AVAILABLE DATA –
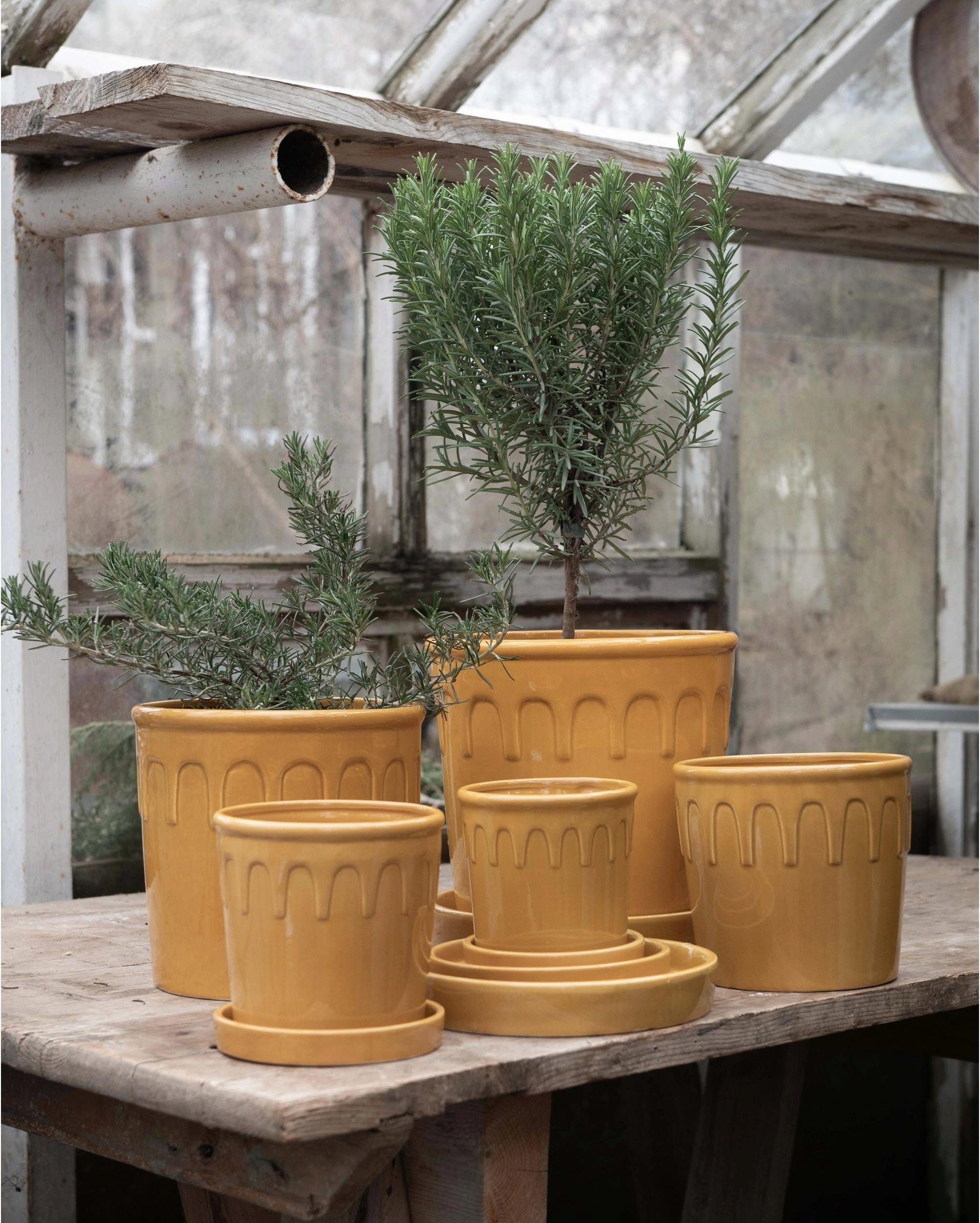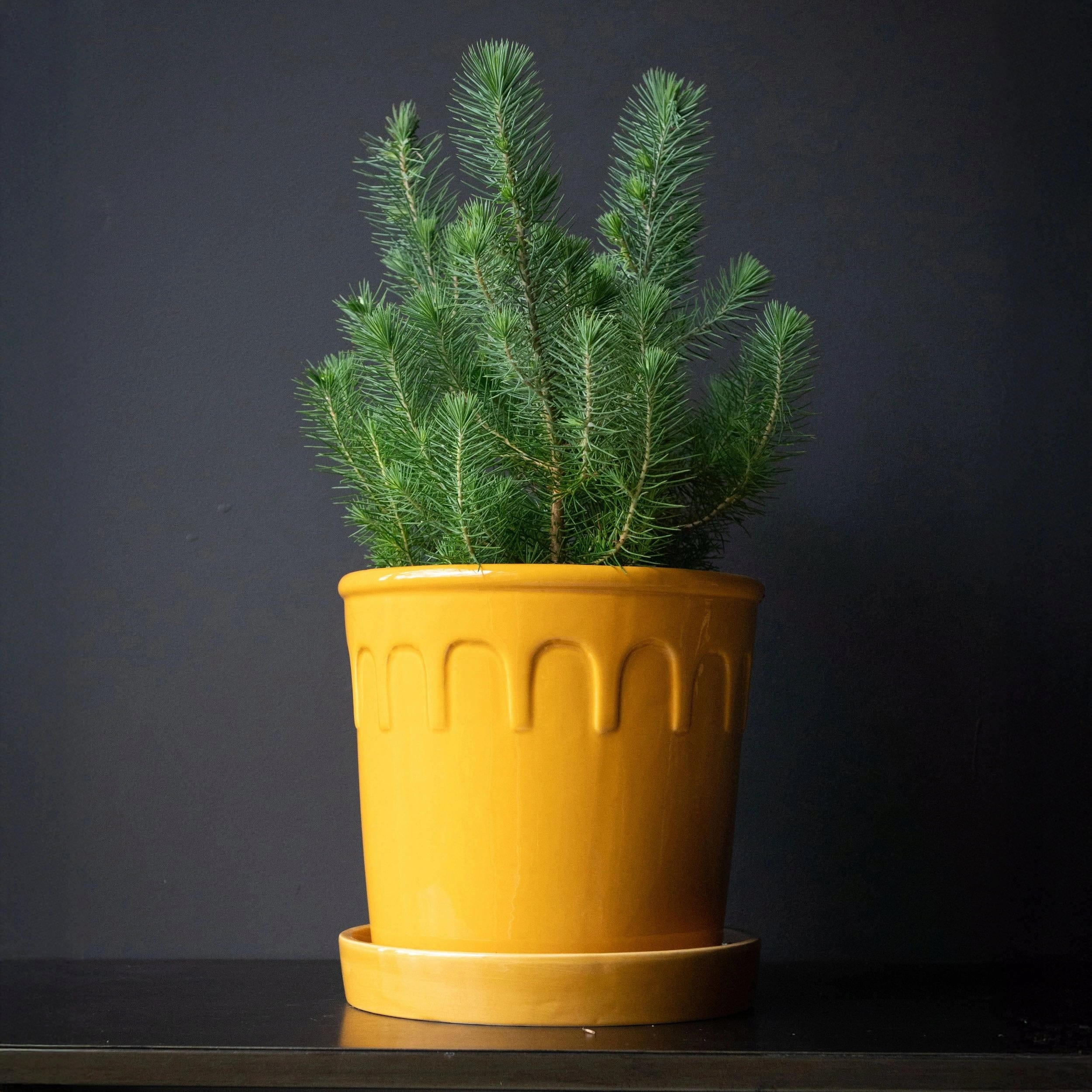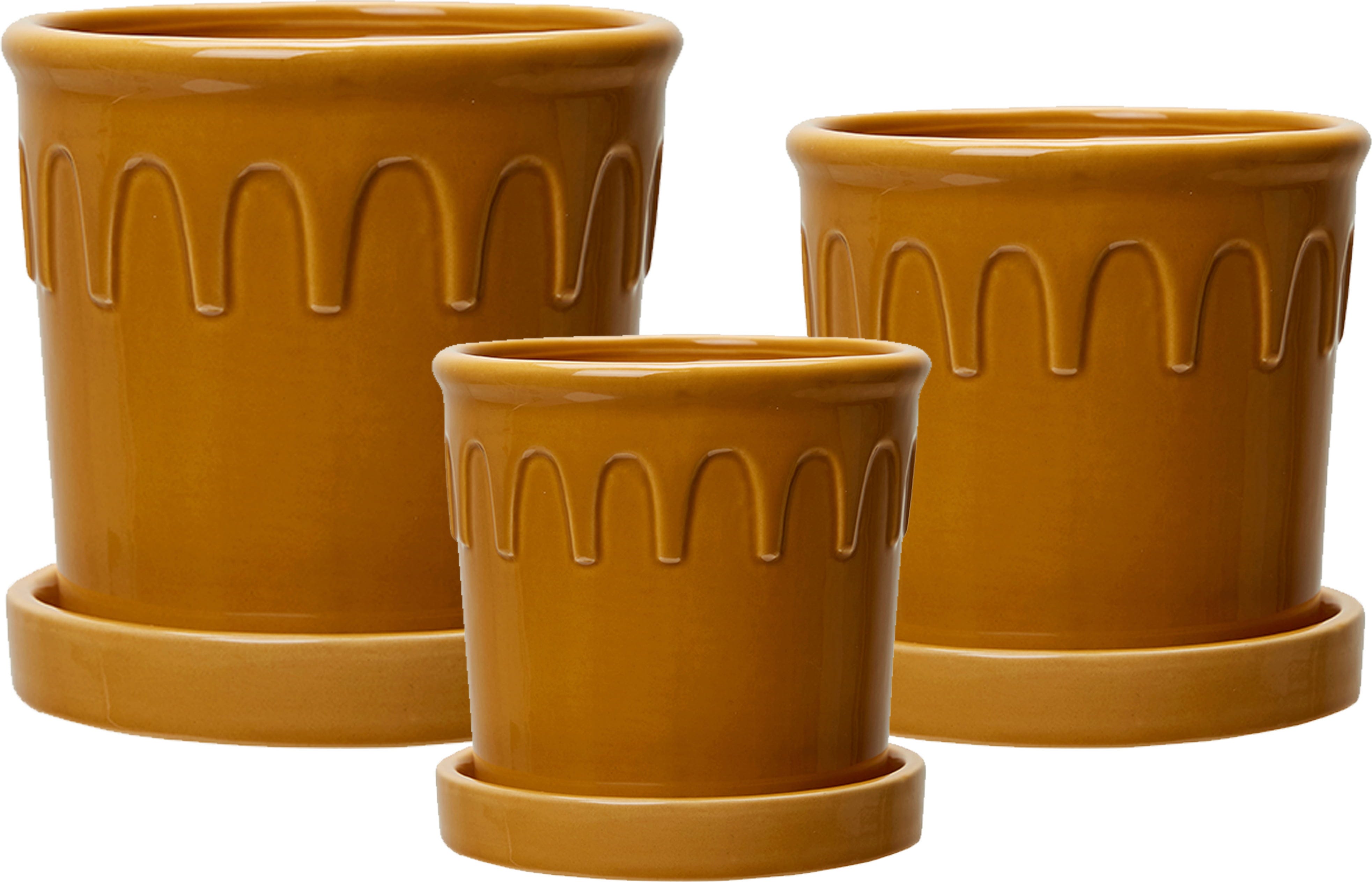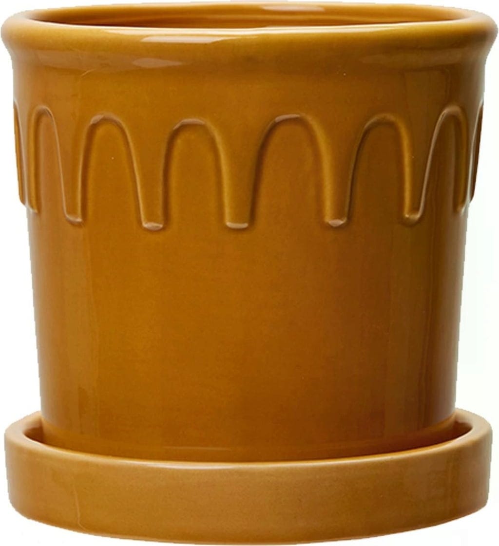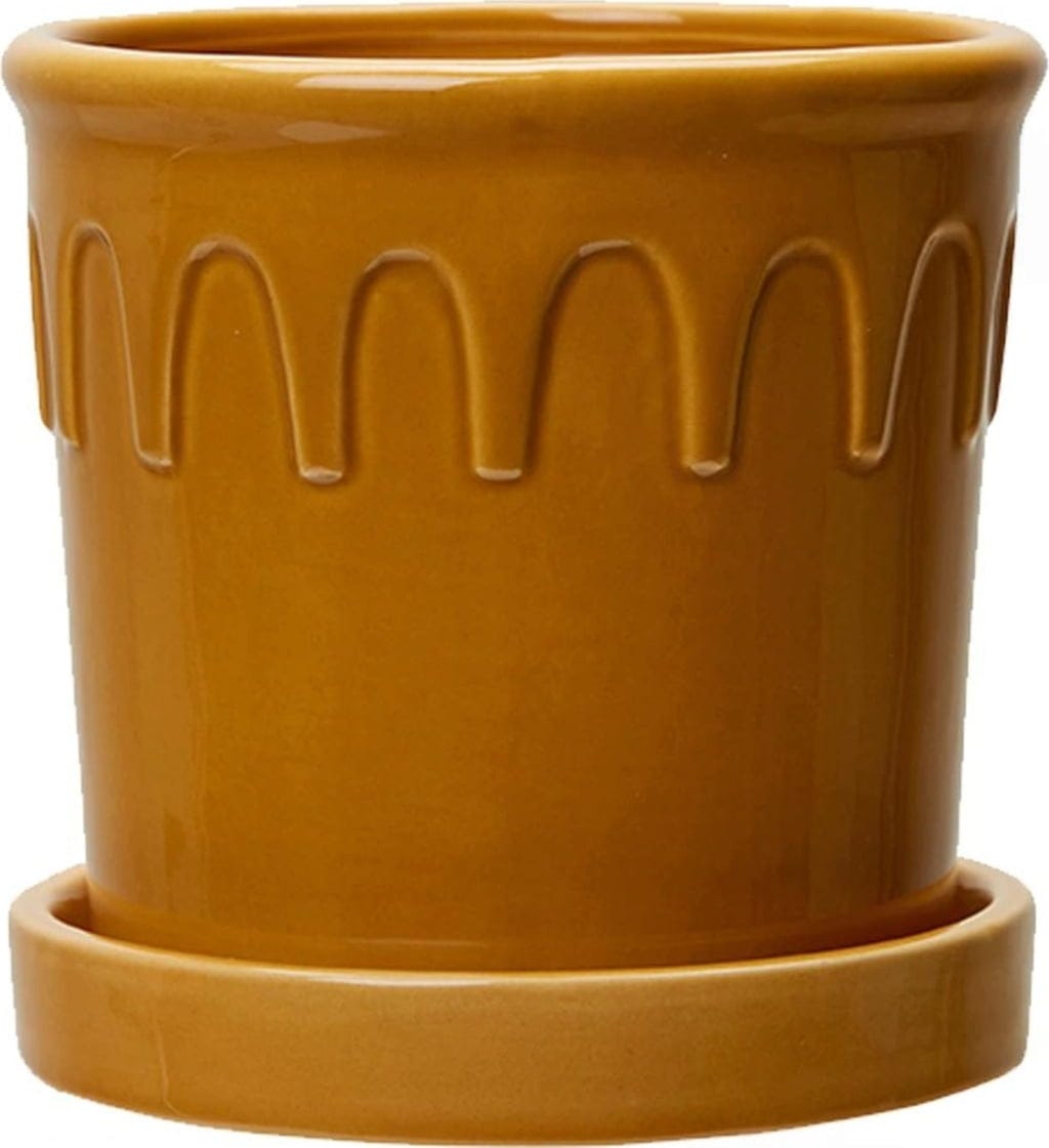Med sin vackra gula färg framhäver dessa ytterkrukor det gröna i mindre växter på ett särskilt effektfullt sätt. Designen kombinerar moderna inslag med diskreta vintage-detaljer, vilket gör dem till stilfulla blickfång i hemmet.
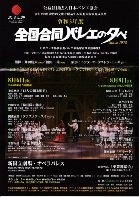 2021年8月6日、8月8日に、文化庁及び日本バレエ協会主催の全国合同バレエの夕べが新国立劇場オペラパレスにて行われました。
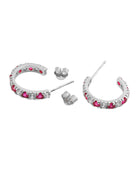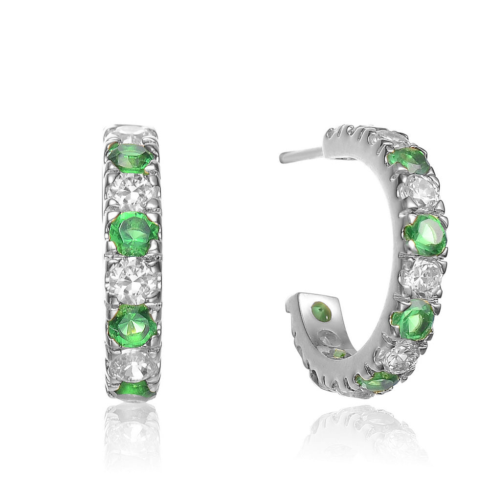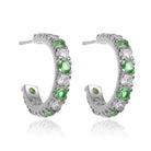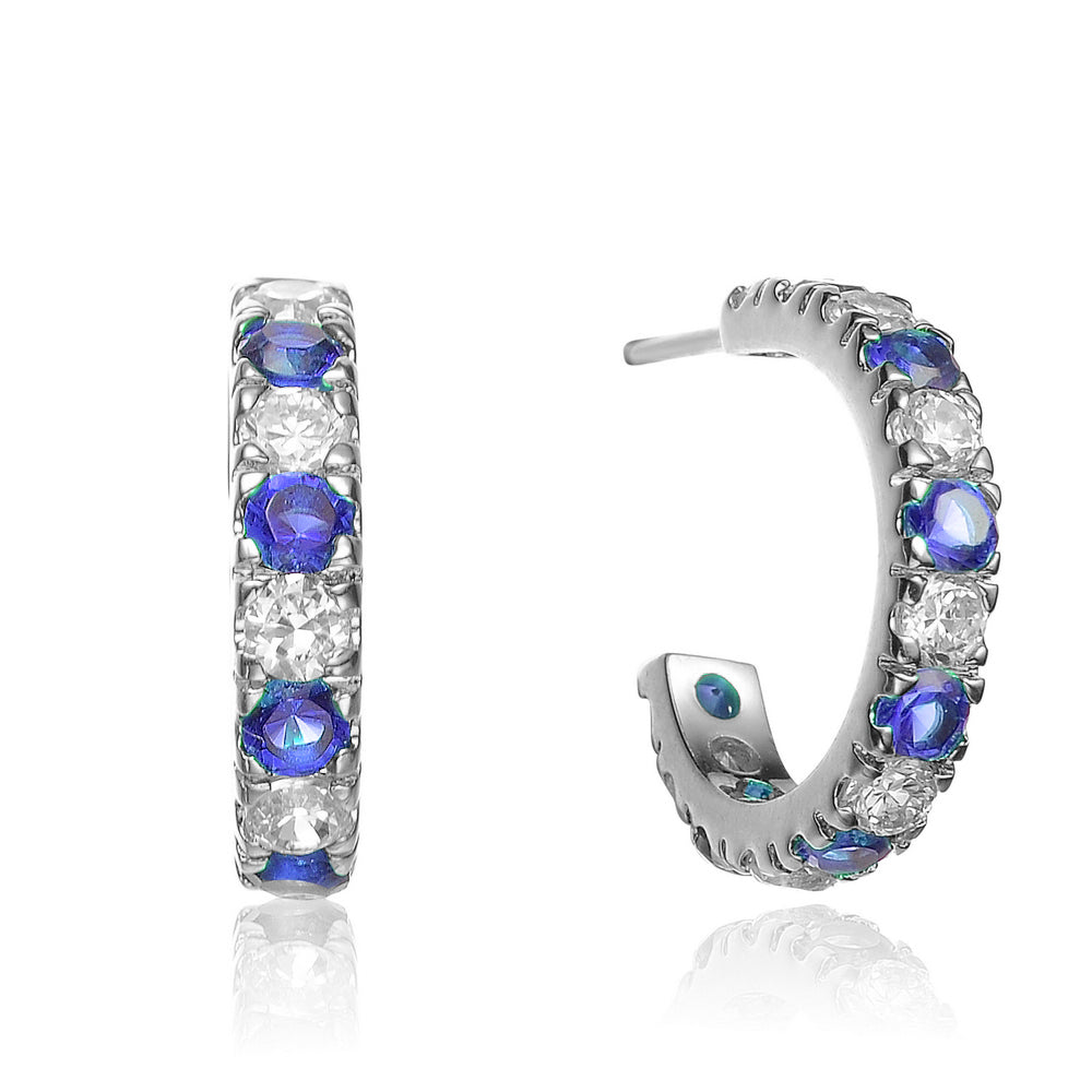 Sterling silver hoop earrings never looked so good. These ravishing hoops are encrusted with blue and green cubic zirconia stones and make a great addition to any collection.

EXERCISE DETAILS – Print the stretch of the data from the line with "2021年8月6日、8月8日" through its last line, exactly and with both ends kept. Omit pictures.

SOLVED PROBLEM –
 2021年8月6日、8月8日に、文化庁及び日本バレエ協会主催の全国合同バレエの夕べが新国立劇場オペラパレスにて行われました。
 Sterling silver hoop earrings never looked so good. These ravishing hoops are encrusted with blue and green cubic zirconia stones and make a great addition to any collection.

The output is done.